**WHAT IS REQUIRED:** When the listing below reaches the line that has "El viernes por", start reproducing exactly; stop after the line that has "Gyönyörű bézs fotel", and drop the pictures.
------ EXCERPTED RECORDS
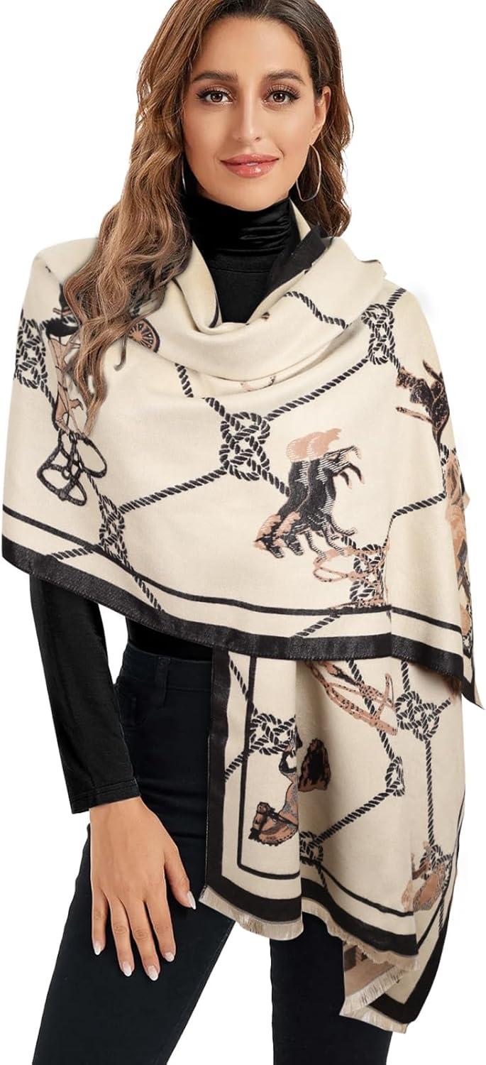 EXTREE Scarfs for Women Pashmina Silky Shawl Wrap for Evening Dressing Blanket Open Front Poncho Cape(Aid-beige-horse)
------------
------ EXCERPTED RECORDS
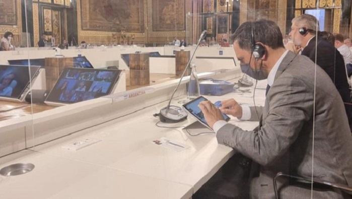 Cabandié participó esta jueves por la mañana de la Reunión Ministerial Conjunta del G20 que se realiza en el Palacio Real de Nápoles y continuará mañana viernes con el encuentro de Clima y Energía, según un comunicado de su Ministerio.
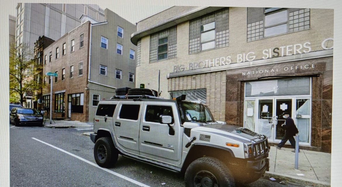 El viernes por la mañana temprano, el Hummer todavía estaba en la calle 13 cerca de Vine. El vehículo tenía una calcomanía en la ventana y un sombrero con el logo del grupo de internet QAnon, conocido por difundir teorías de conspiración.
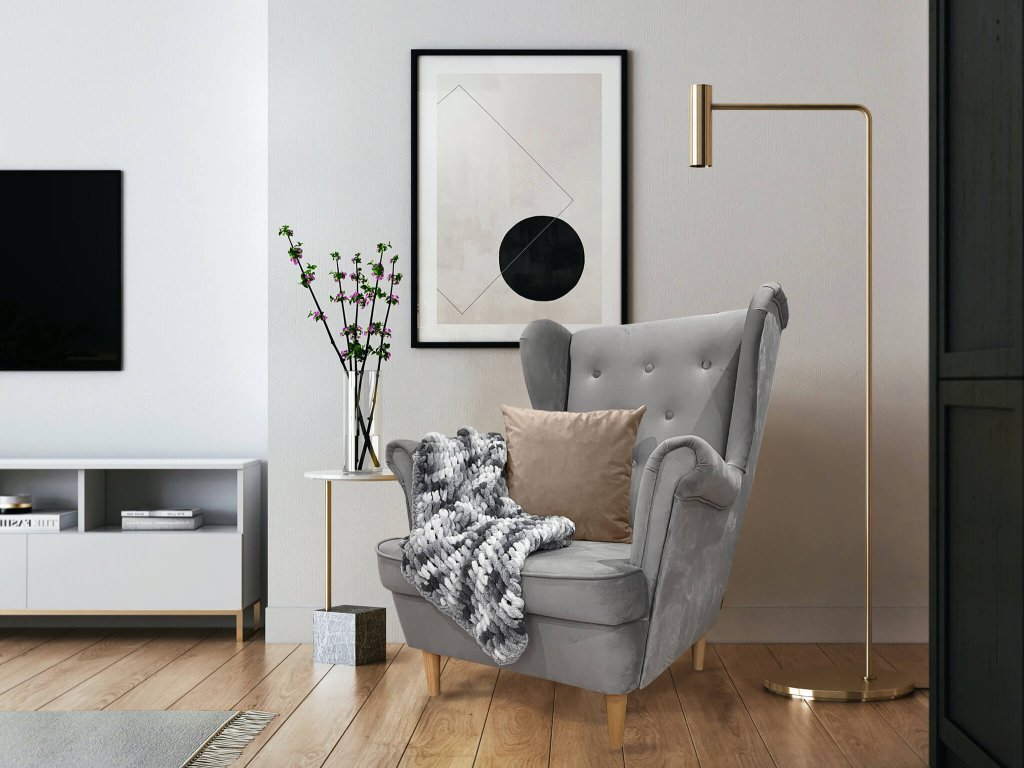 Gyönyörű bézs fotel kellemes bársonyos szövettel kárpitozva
------------
**TASK RESULT:**
 El viernes por la mañana temprano, el Hummer todavía estaba en la calle 13 cerca de Vine. El vehículo tenía una calcomanía en la ventana y un sombrero con el logo del grupo de internet QAnon, conocido por difundir teorías de conspiración.
 Gyönyörű bézs fotel kellemes bársonyos szövettel kárpitozva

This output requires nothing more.